Mmm… I love raspberries and lemons together!
Love the flavor combination, and they’re adorable!!
Holy moly! The will do flips when they see these. Those are the most awesome cupcakes ever!!
Those look amazingly yummy!
Ice cream cake in a cup! Brillian, Cheryl. I am so in love with this idea that the ideas in my head are going to explode.
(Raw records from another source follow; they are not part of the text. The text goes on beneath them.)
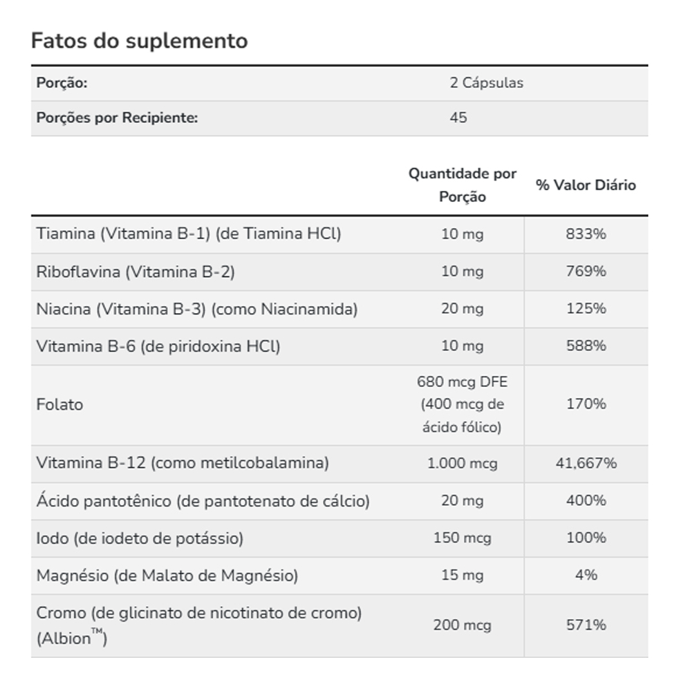 Com ingredientes selecionados, o produto conta com componentes como vitaminas e minerais que contribuem para sua funcionalidade. A formulação foi projetada para oferecer praticidade e suporte eficaz em cada cápsula. Validade longa
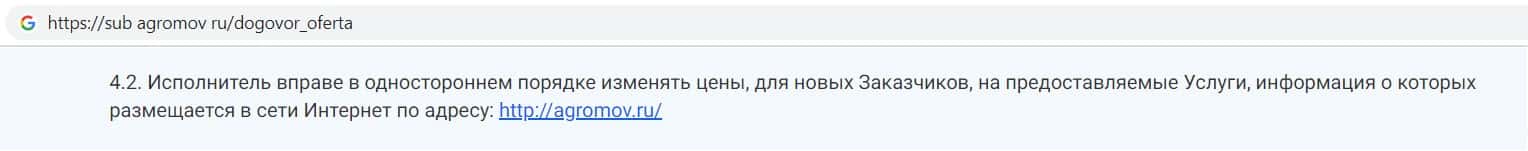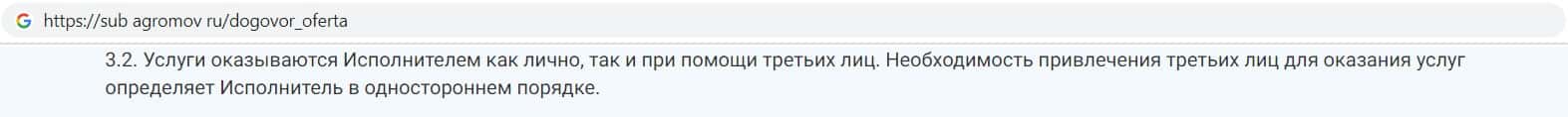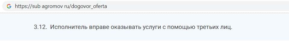 Так же компания AGromov Ru указала, что она имеет право оказывать услуги клиентам с помощью третьих лиц, которые в свою очередь могут оказаться мошенниками.
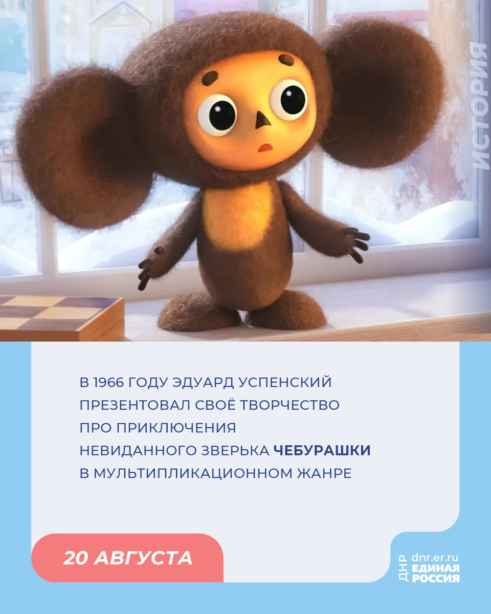 Официальным днём рождения Чебурашки принято считать 20 августа 1966 года: именно в этот год Эдуард Успенский презентовал своё творчество про приключения невиданного зверька в мультипликационном жанре.
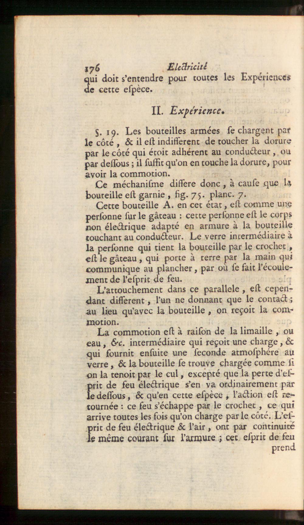 Cette bouteille A. en cet état, est comme unepersonne sur le gâteau : cette personne est le corpsnon électrique adapté en armure à la bouteilletouchant au conducteur. Le verre intermédiaire àla personne qui tient la bouteille par le crochet ,est le gâteau, qui porte à terre par la main quicommunique au plancher, par où se fait l’écoule-ment de l’esprit de feu. ’ ;

Thanks for the inspiration!
You had me at black raspberry…and then got me again with the marshmallow cream frosting. Two of my favs. I grew up always getting black raspberry with chocolate sprinkles at Friendly’s — I didn’t know Edy’s made it now too! (And my parents grow a lot of black raspberries at their house and I have mastered a great black raspberry gelato…) YUM!
Thanks for entering and good luck!
Bethany@Scoopalicious
I saw this on a 4th of July roundup and just had to pin it. I hope you’ll share your best post of the week on my Friday Flash Blog Linky Party going on ALL weekend at The Jenny Evolution.
Jennifer
these were great, i used the lemon supreme instead of french vanilla. there was waaaay too much batter though so i had way more than 30 cupcakes.
Hi! These icecream cupcakes look gorgeous! I just have a quick question. Does the cake go really hard in the freezer?
nope, it’s not really hard – it’s not as soft as unfrozen cake, but if you’ve ever had ice cream cake it’s just like that
Hi Cheryl,
I would like to make these Black Raspberry Lemon cupcakes for my granddaughters birthday next month. They sound so good. I do have a question about putting a whole lemon rind in with the other ingredients. Do I cup up the rind, grate it perhaps or just put it in whole. and also how much ice cream do I put on each cupcake.
the lemon rind should be rated, and for the ice cream I just use enough to cover the cupcake, with enough room left in the cup to place the top of the cupcake back on.